_REQUIRED WORK_
Write out, with no changes, every line starting at the one that contains "Im Folgenden stellen" and ending at the last line of the data below. Leave pictures out.

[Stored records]
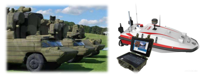 假目标:使用假目标隐藏真实战略战术意图,是战争中的重要谋略之一。图3是用龙勃透镜的散射特征模拟需要伪装的目标特征,欺骗和诱导敌方雷达,以保护真实目标,降低战场损失。比如:模拟成坦克、导弹发射车、潜艇、飞机、舰船等特定目标的雷达信号,如图所示。真假目标混合,结合龙勃透镜可以实现伪装,破解多模雷达、红外雷达等侦察。
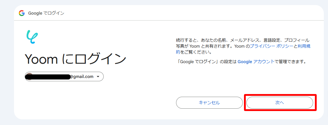 その後、Googleアカウントの選択をして「Yoomにログイン」の画面に進んだら「次へ」をクリックしましょう。
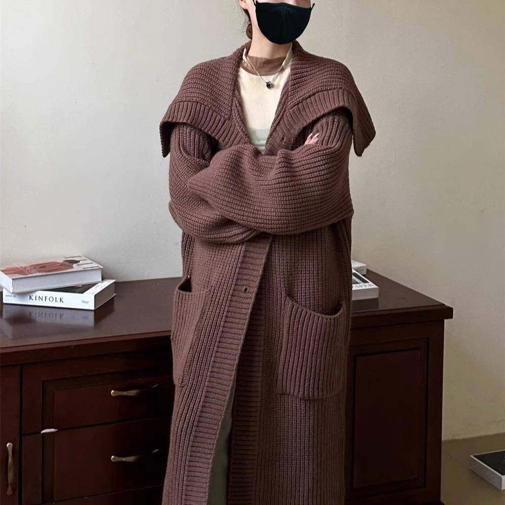 原版超长款翻领毛衣外套女秋冬慵懒风宽松气质加厚中长款针织开衫
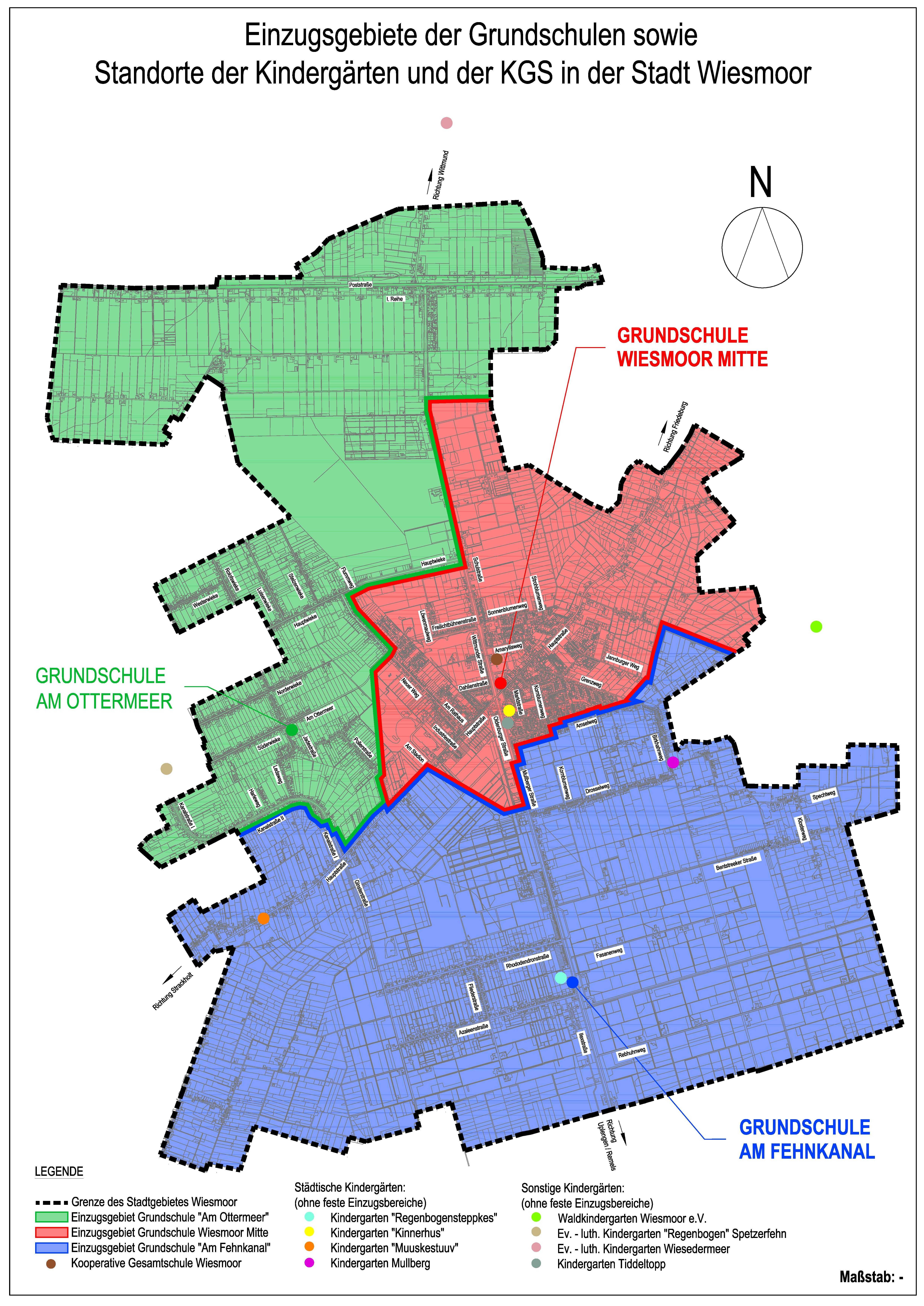 Im Folgenden stellen wir Ihnen eine Übersichtskarte über die Standorte der Kindertagesstätten im Stadtgebiet von Wiesmoor zur Verfügung.
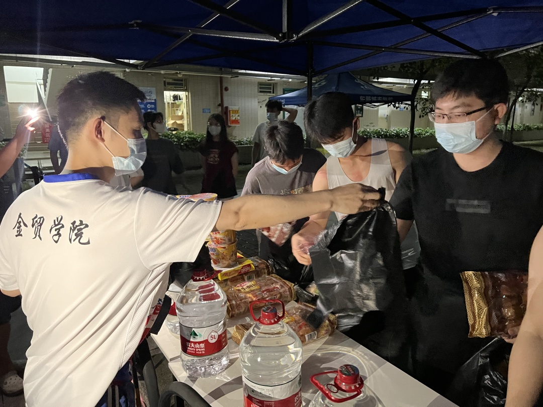 2022年5月9日,在金融与贸易学院党总支的领导和带领下,辅导员余俊老师召集我院2021级的几名同学,一同给隔离同学运送生活物资。

_RESULT_
 Im Folgenden stellen wir Ihnen eine Übersichtskarte über die Standorte der Kindertagesstätten im Stadtgebiet von Wiesmoor zur Verfügung.
 2022年5月9日,在金融与贸易学院党总支的领导和带领下,辅导员余俊老师召集我院2021级的几名同学,一同给隔离同学运送生活物资。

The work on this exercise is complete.